Sowas in der Art ist zwischen Antenne und Antennenleitung, da geht nur ein M4 Kabelschuh dran. Konnte jetzt keine Einschränkung des Typs Leiter sehen oder nachlesen, gefordert wird ein mindest Querschnitt von 4 mm². Der Mast selbst ist mit einer NYM-J 1x16 mm² (SAT-Anlage) versehen.


----------



## MFreiberger (28 September 2022)

Oberchefe schrieb:


> Flexible Leitungen sind an dieser Stelle eher unüblich.


Aber nicht verboten, oder?



Plan_B schrieb:


> HF Erdung. Hat da feindrähtig nicht Vorteile?


*Hat *feindrähtig Vorteile? Wenn ja: welche?



Aber das war doch gar nicht die Frage


----------



## Plan_B (28 September 2022)

Hab jz an skin gedacht, war aber falsch.
Feindrähtig ist unzulässig.


			https://www.google.com/url?q=https://www.elektropraktiker.de/ep-2008-10-900-902.pdf%3FeID%3Dtx_mspdamlinks%26dlid%3D59920%26hash%3Dc0cbc5292063000e6ad1522f9a0574b7&sa=U&ved=2ahUKEwiCwoCazbf6AhWjRfEDHR4OCj8QFnoECAkQAg&usg=AOvVaw0z-uIWkebLm8oKQMuMMIBR


----------



## Blockmove (28 September 2022)

Ich kenne es auch so, dass die Kabelschuhe von oben gequetscht werden.
Wir haben alternativ noch eine Qutschzange mit 6kant Pressung.
Privat ziehe ich da meist noch einen wasserdichten Schrumpfschlauch (mit Kleber) drüber.


----------



## PN/DP (28 September 2022)

Ist das denn die richtige Presszange für diese Kabelschuhe? Müssten sich die beiden "Flügel" des Kabelschuhs nicht nach innen rollen und senkrecht in die Feindrähte hineindrücken/stechen anstatt nur draufdrücken?
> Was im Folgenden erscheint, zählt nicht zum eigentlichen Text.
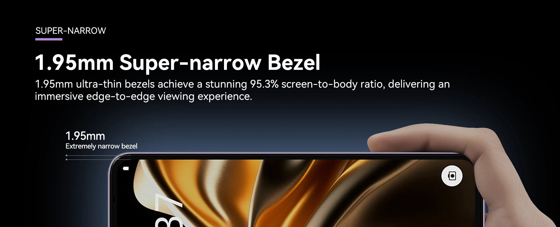 1,95-миллиметровая ультратонкая рамка, соотношение экрана к корпусу 95,3%, ультратонкий корпус толщиной 8,2 мм

Oder gilt das nur bei "Doppel-Flügeln" für die hinteren Flügel, die in die Drahtisolation stechen sollen?
(ich weiß die Fachbegriffe nicht)

Harald


----------



## trobo (28 September 2022)

Plan_B schrieb:


> Hab jz an skin gedacht, war aber falsch.
> Feindrähtig ist unzulässig.
> 
> 
> https://www.google.com/url?q=https://www.elektropraktiker.de/ep-2008-10-900-902.pdf%3FeID%3Dtx_mspdamlinks%26dlid%3D59920%26hash%3Dc0cbc5292063000e6ad1522f9a0574b7&sa=U&ved=2ahUKEwiCwoCazbf6AhWjRfEDHR4OCj8QFnoECAkQAg&usg=AOvVaw0z-uIWkebLm8oKQMuMMIBR


Interessant, das hatte ich soweit auch gelesen.
Mein Mast / Sat Anlage und co sind ja mittels 16 mm² nym-j 1x16 angeschlossen worüber auch die LoRa Antenne direkt verbunden ist.
Es geht hier um den nachgeschalteten Überspannungsschutz zwischen Antenne und Gateway.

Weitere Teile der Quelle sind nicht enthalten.